I am reading Eisenbud's Commutative Algebra. The following is the proof I am trying to understand.
My question is the second sentence in the proof.
I understand that a power of $P_P$ annihilates $M_P$. However, to conclude $M_P$ is of finite length using Corollary 2.17, I need to know that $P_P$ is maximal in $R_P$. I really have no idea why $P_P$ is maximal in $R_P$. All I know is that it is a minimal prime containing $I_P$.
Do I miss something really obvious? Thanks!
EDIT: I found the answer, so I will put it below.
The thing I missed is the correspondence between primes in $R$ and primes in $R_P$.

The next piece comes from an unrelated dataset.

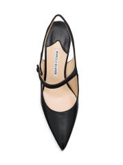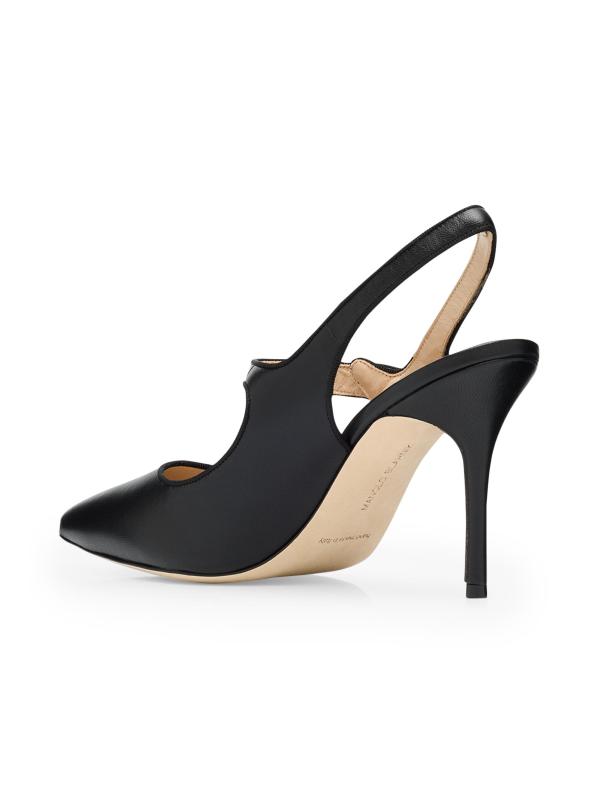 Manolo Blahnik’s Camparisli Mary Jane slingback pumps are crafted of sleek leather with tonal grosgrain trim and a signature stiletto heel.Point toe Snap closure Leather upper Leather lining Leather sole Made in Italy

Now, suppose $PR_P\subset Q^*\subsetneq R_P$, where $Q^*$ is prime. By the correspondence, we have another prime $Q$ in $R_P$ such that $Q\subset P\subset R$. If we can show that $PR_P$ corresponds to $P$, we have $P\subset Q$, so that $P=Q$, proving that $P_P$ is maximal.
Clearly, $P\subset\varphi^{-1}(PR_P)$. If $r\in\varphi^{-1}(PR_P)$, then $r/1=r'/s'$ for some $r'\in P$ and $s'\notin P$. Therefore, $xs'r=xr'\in P$ for some $x\notin P$. Since $x,s'\notin P$, $r\in P$. Therefore, $\varphi^{-1}(PR_P)=P$.
This correspondence also shows that $PR_P$ is the only maximal ideal in $R_P$, so that $R_P$ is a local ring.